> [Problem requirements]
Would you reproduce each line below exactly, leaving every picture out?

> [Dataset excerpt]

◆ ◆ ◆ ◆ ◆ ◆ ◆

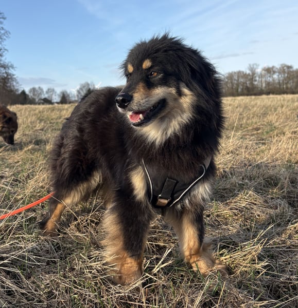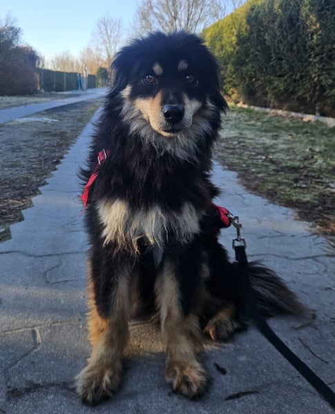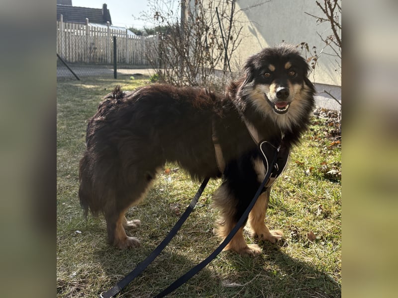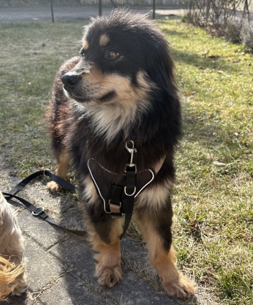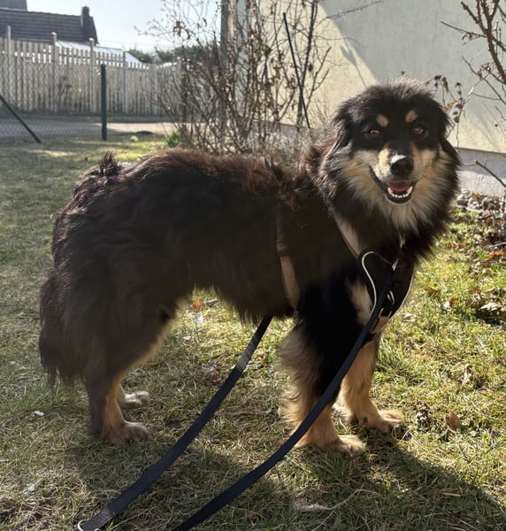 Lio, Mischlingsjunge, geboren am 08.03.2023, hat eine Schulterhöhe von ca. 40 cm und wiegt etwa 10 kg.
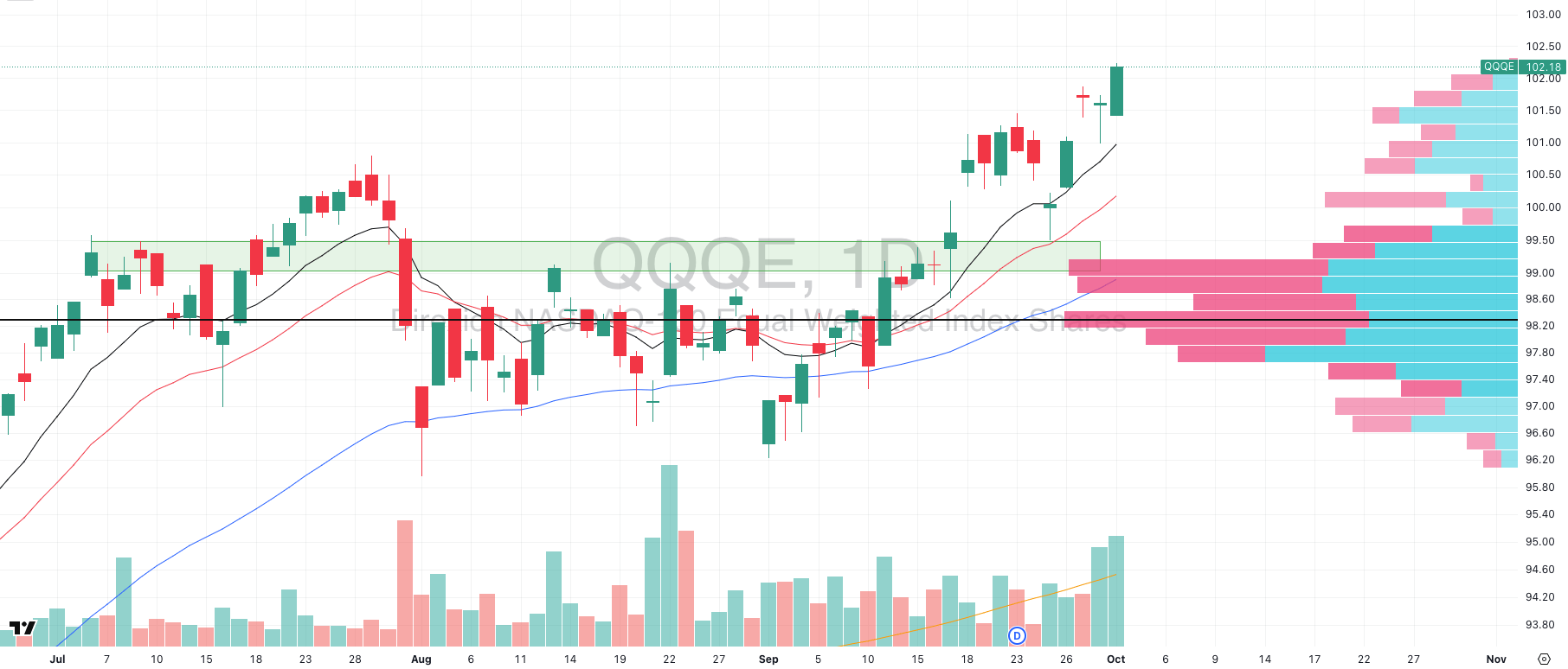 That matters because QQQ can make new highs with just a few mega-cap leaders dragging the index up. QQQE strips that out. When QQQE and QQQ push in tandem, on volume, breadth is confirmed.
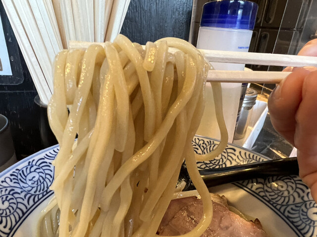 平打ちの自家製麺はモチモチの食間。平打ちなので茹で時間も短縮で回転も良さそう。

◆ ◆ ◆ ◆ ◆ ◆ ◆

> [Result of this task]
 Lio, Mischlingsjunge, geboren am 08.03.2023, hat eine Schulterhöhe von ca. 40 cm und wiegt etwa 10 kg.
 That matters because QQQ can make new highs with just a few mega-cap leaders dragging the index up. QQQE strips that out. When QQQE and QQQ push in tandem, on volume, breadth is confirmed.
 平打ちの自家製麺はモチモチの食間。平打ちなので茹で時間も短縮で回転も良さそう。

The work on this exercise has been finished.